I cant seem to find anything that provides ports for 10.

Edit: I understand that 10 is EOL, but this is for a platform that I'm not able to upgrade/update to a new version.


----------



## T-Daemon (Mar 7, 2022)

Release date of 10.0 was January 20, 2014, EOL February 28, 2015, ports quarterly branches 2014Q1 - 2015Q1 will match that period. You can devel/git check out those branches. If you are unfamiliar with GIT see chapter 4.5.1. Installing the Ports Collection, Procedure: Git Method.


----------



## covacat (Mar 7, 2022)

get a dvd iso
the list of packages on the disk is



			https://termbin.com/41gu
		

i googled this iso but there are official ones (they downloaded to slow for me)


			http://mirror-prg.webglobe.com/archive/cloud2private/iso/os/freebsd/FreeBSD-10.0-RELEASE-i386-dvd1.iso


----------



## covacat (Mar 7, 2022)

alternatively you can build from ports if you can find the distfiles
the ports tree you can extract from the image


----------



## SirDice (Mar 7, 2022)

charlesw1024 said:


> Where can I find a FreeBSD 10.0 (i386) port archive that I can use with pkt?

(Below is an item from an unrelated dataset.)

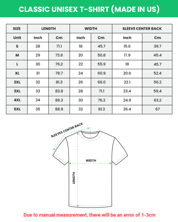 Free eBay listing template designed by dewiso.com PRODUCT DESCRIPTIONS 100% Satisfaction Guaranteed - Shop With Complete Confidence Before placing your order, please review the complete product description carefully. Your satisfaction is our highest priority and we want to ensure you make an informed purchase decision. FEATURES AND FURTHER DETAILS Classic Unisex T-Shirt Gildan 5000 (Made In US) Elevate your wardrobe with our premium custom-printed t-shirt, featuring exceptional quality and versatile design. Each shirt combines classic styling with modern comfort, perfect for everyday wear and special occasions. Key Features: • Premium 5.3 oz/yd² weight cotton blend • Durable double-needle stitching on sleeves • Reinforced taped neck and shoulders • Classic crew neckline • Comfortable unisex fit • Professional DTG (Direct to Garment) printing. Material Composition: • Standard Colors: 100% cotton • Dark/Heather Variations: 50% cotton, 50% polyester • Sport Grey & Antique Colors: 90% cotton, 10% polyester • Ash: 99% cotton, 1% polyester. Available Sizes : S, M, L, XL, 2XL, 3XL, 4XL, 5XL. Color Selection: Ash, Black, Charcoal, Dark Chocolate, Dark Heather, Forest Green, Gold, Ice Grey, Irish Green, Kiwi, Light Blue, Light Pink, Maroon, Military Green, Navy, Orange, Purple, Red, Royal, Sand, Sport Grey, Tropical Blue, Turf Green, White, Antique Irish Green, Antique Orange, Antique Sapphire, Azalea, Cardinal Red, Carolina Blue, Cobalt, Coral Silk, Cornsilk, Daisy, Graphite Heather, Heather Navy, Heather Red, Heliconia, Lime, Natural, Sapphire, Tweed. Base Product: Gildan 5000 Perfect for: Men and women seeking quality, comfort, and style. Note: Colors may slightly vary due to screen settings. CONTACT US 24/7 Customer Support - Fast & Reliable Service Have a question or concern? We're here to help! Feel free to reach out through eBay messages anytime, and we'll respond within 24 hours. Your satisfaction is our priority, so please don't hesitate to contact us before, during, or after your purchase. We want to ensure you're completely happy with your shopping experience. Payment We accept all eBay-approved payment methods. Shipping • US Orders: 5-10 business days. *Please allow 2-5 business days for order processing. *Ship from USA Warehouse. Contact Your satisfaction is our top priority! Before leaving any negative feedback, please reach out to us first - we're committed to resolving any concerns you may have. We take pride in our 100% customer satisfaction policy and will work diligently to ensure you're completely happy with your experience. Your feedback helps us serve you better! THANK YOU FOR YOUR PURCHASING OUR PRODUCTS.

Why are you still using FreeBSD 10.0? 

Topics about unsupported FreeBSD versions


----------



## charlesw1024 (Mar 7, 2022)

SirDice said:


> Why are you still using FreeBSD 10.0?
> 
> Topics about unsupported FreeBSD versions


Not my choice. I'm trying to build some new software for an old platform.


----------



## SirDice (Mar 7, 2022)

I suggest not doing that and recommend replacing that system with a recent, _supported_ FreeBSD version.

This system is an accident waiting to happen, don't get burned by it.


----------



## grahamperrin@ (Mar 7, 2022)

charlesw1024 said:


> Where can I find a FreeBSD 10.0 (i386) port archive that I can use with pkt? … I understand that 10 is EOL, but this is for a platform that I'm not able to upgrade/update to a new version.



Welcome to FreeBSD Forums. 

If you want to use _pkg_ for installations, <https://www.google.com/search?q="FreeBSD:10:i386/latest"+pkg&tbs=li:1#unfucked> finds (amongst other things): 

http://ftp.cn.debian.org/freebsd-pkg/FreeBSD%3A10%3Ai386/latest/​
Taking a hint from the comments within /etc/pkg/FreeBSD.conf:

`mkdir -p /usr/local/etc/pkg/repos`

`ee /usr/local/etc/pkg/repos/FreeBSD.conf`

Content might be:


```
FreeBSD: {
    url: "http://ftp.cn.debian.org/freebsd-pkg/FreeBSD%3A10%3Ai386/latest/"
}
```


Whatever route you take, proceed with caution. Good luck.


----------



## astyle (Mar 7, 2022)

SirDice said:


> I suggest not doing that and recommend replacing that system with a recent, _supported_ FreeBSD version.
> 
> This system is an accident waiting to happen, don't get burned by it.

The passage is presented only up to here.